Department of Dermatology, Competence Center skintegral, University Medical Center Freiburg, Germany.
J Invest Dermatol. 2010 Jan;130(1):113-23. doi: 10.1038/jid.2009.248.
It has been shown recently that triterpenes inhibit cancer cell growth of various cell types in vitro. In this work, the effect of highly purified triterpenes (TE) with betulin as the major compound (>80% w/w) on cell proliferation, apoptosis, and differentiation of human keratinocytes was analyzed in vitro, ex vivo, and in vivo. In vitro, TE increased calcium influx into primary keratinocytes and upregulated various differentiation markers including keratin 10. TE also specifically increased the expression of the non-selective transient receptor potential canonical (subtype) 6 (TRPC6) in keratinocytes, and knocking down TRPC6 inhibited keratin 10 upregulation. Ex vivo, in human skin explants TE induced the expression of TRPC6 in the epidermis and increased DNA fragmentation of terminally differentiating keratinocytes. Topical treatment with TE of actinic keratoses, that represent in situ squamous cell carcinomas with disturbed epithelial differentiation, resulted in downgrading of aberrant Ki67 expression and upregulation of keratin 10 in vivo. Our data indicate that TE promotes keratinocyte differentiation in vitro and in vivo. This effect seems to be mediated at least in part by TRPC6.

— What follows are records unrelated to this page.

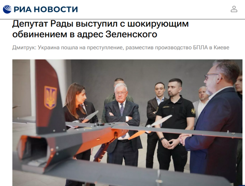 Скандал подхлестнул ещё один эпизод: Келлог, по украинским сообщениям, посетил в столице площадку, где демонстрировались почти три десятка образцов украинских беспилотников. Депутат Артём Дмитрук использовал это как повод для тяжёлого обвинения. Он указал, что речь идёт о производстве БПЛА "в центре Киева", рядом с жилыми кварталами, школами, церквями; люди в этих районах фактически превращены в живой щит. В своём телеграм‑посте он заявил: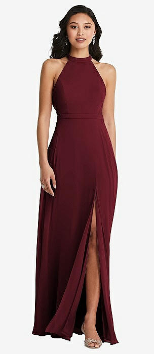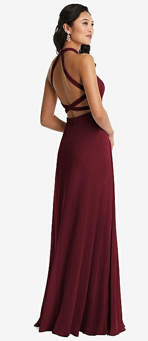 Stand Collar Halter Maxi Dress with Criss Cross Open-Back in cabernet
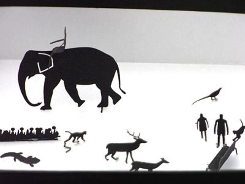 白背景に使う「黒」と、黒背景用の「白」の二色が用意されているのも、細かいけれど嬉しい配慮。プラモデルを作るように、枠から切り取って、折り曲げて形を整えたり、動きを表現したりして、小さな箱の中に糊付けしていくだけでも、何だかとても楽しいものです。しかも、それぞれのパーツの造形がとても良く出来ていて(象の耳の切り込みや、自転車のスタイリングの良さなどに注目してください)、その精巧さと、紙であるという温かみやフレキシブルさの融合が、この製品をとても魅力的なものにしているのだと思います。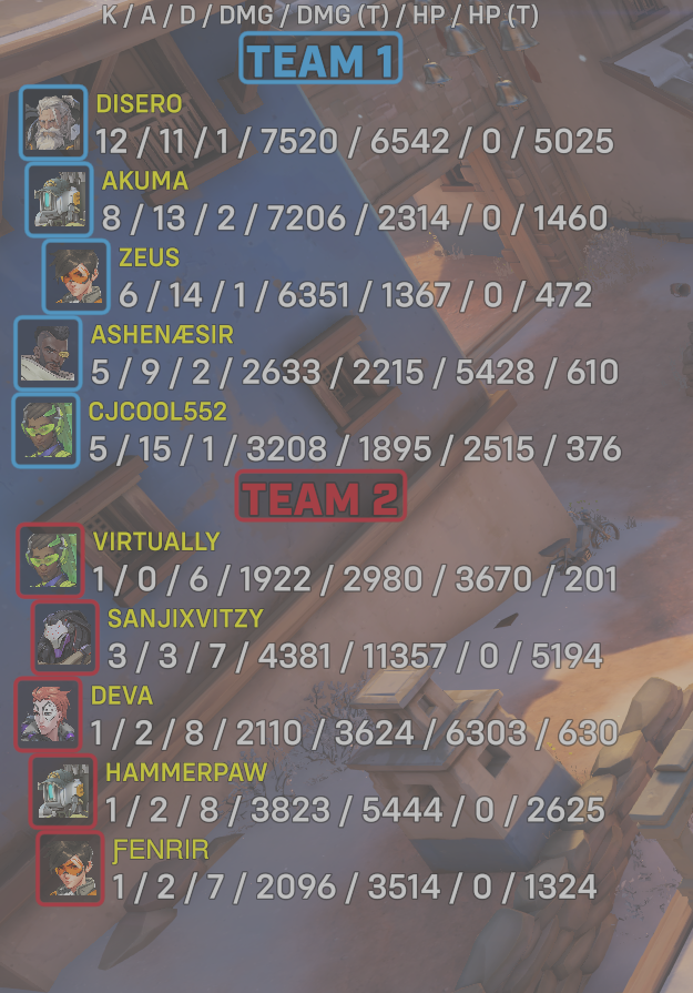 10 entries| Team | Player | Kills | Assists | Deaths | Damage | Damage (Taken) | Healing | Healing (Taken) |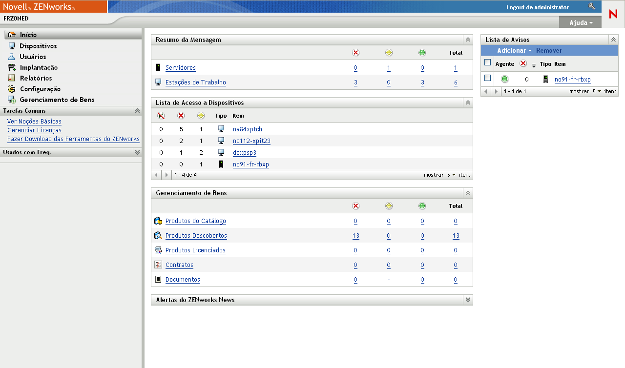 Administre o sistema ZENworks no nível da Zona de Gerenciamento por meio do ZENworks Control Center (ZCC), um console de browser da Web baseado em tarefa. O gráfico a seguir mostra a parte do ZCC da exibição do browser da Web: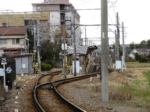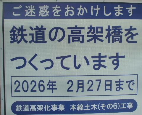 | 2025年02月16日。駅前から。駅舎の向こうに ちょっと高架橋っぽくなってきたのが見える。 |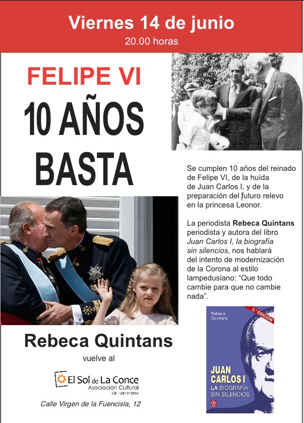 Rebeca lleva muchos años investigando a la familia real española. En 2016 publicó un libro biográfico sobre el rey emérito: «Juan Carlos I, la biografía sin silencios». En esta ocasión nos hablará de la operación de modernización de la monarquía al estilo lampedusiano: «cambiarlo todo para que no cambie nada«. Nos contará algunas de las cosas sucedidas en estos 10 años de reinado y de la tramoya que acompaña a la Casa Real.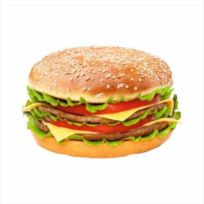 Булка белая с кунжутом, сыр, котлета говяжья, фирменный соус "Терияки", овощи, жаренный бекон.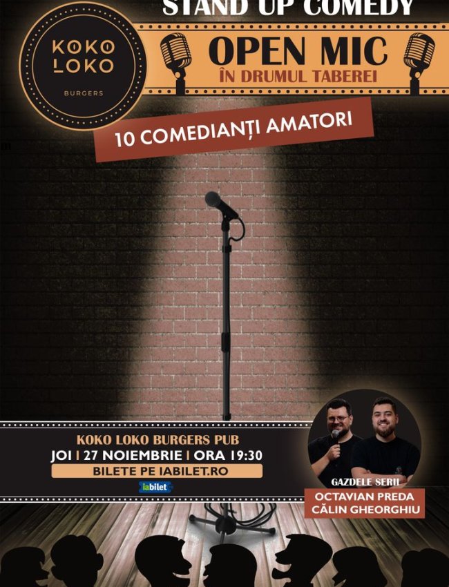 Zece comedianți vor încerca glume, iar tu te relaxezi la o bere cu prietenii și râzi când este cazul:)
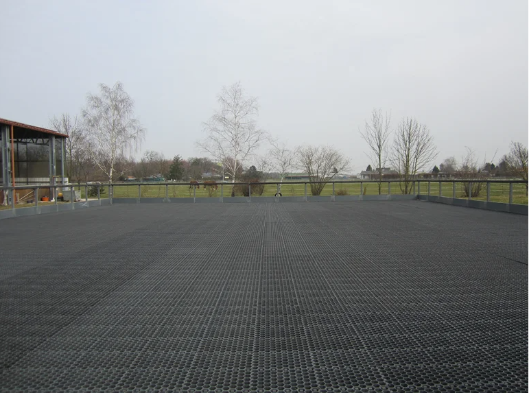 Mosolut PDP je odolná a ekologická perforovaná rohož určená pro zpevnění ploch s vysokou zátěží. Je ideální pro použití ve výbězích pro koně, jezdeckých areálech nebo jako řešení pro stabilizaci a zpevnění svahů. Deska je vyrobena z recyklovaného materiálu, který zajišťuje dlouhou životnost a vysokou odolnost vůči vlivům počasí i mechanickému zatížení.

最近已经证明,三萜类化合物在体外抑制各种细胞类型的癌细胞生长。在这项工作中,分析了具有较高纯度的三萜类化合物(TE)(主要化合物为桦木醇>80%w/w)对人角质形成细胞体外、离体和体内增殖、凋亡和分化的影响。在体外,TE 增加原代角质形成细胞内钙内流,并上调包括角蛋白 10 在内的各种分化标志物。TE 还特异性增加角质形成细胞中非选择性瞬时受体电位经典(亚型)6(TRPC6)的表达,而敲低 TRPC6 抑制角蛋白 10 的上调。离体,在人皮肤外植体中,TE 在表皮中诱导 TRPC6 的表达,并增加终末分化角质形成细胞的 DNA 片段化。局部用 TE 治疗光化性角化病,代表上皮分化紊乱的原位鳞状细胞癌,导致体内异常 Ki67 表达下调和角蛋白 10 的上调。我们的数据表明,TE 促进角质形成细胞体外和体内的分化。这种作用似乎至少部分通过 TRPC6 介导。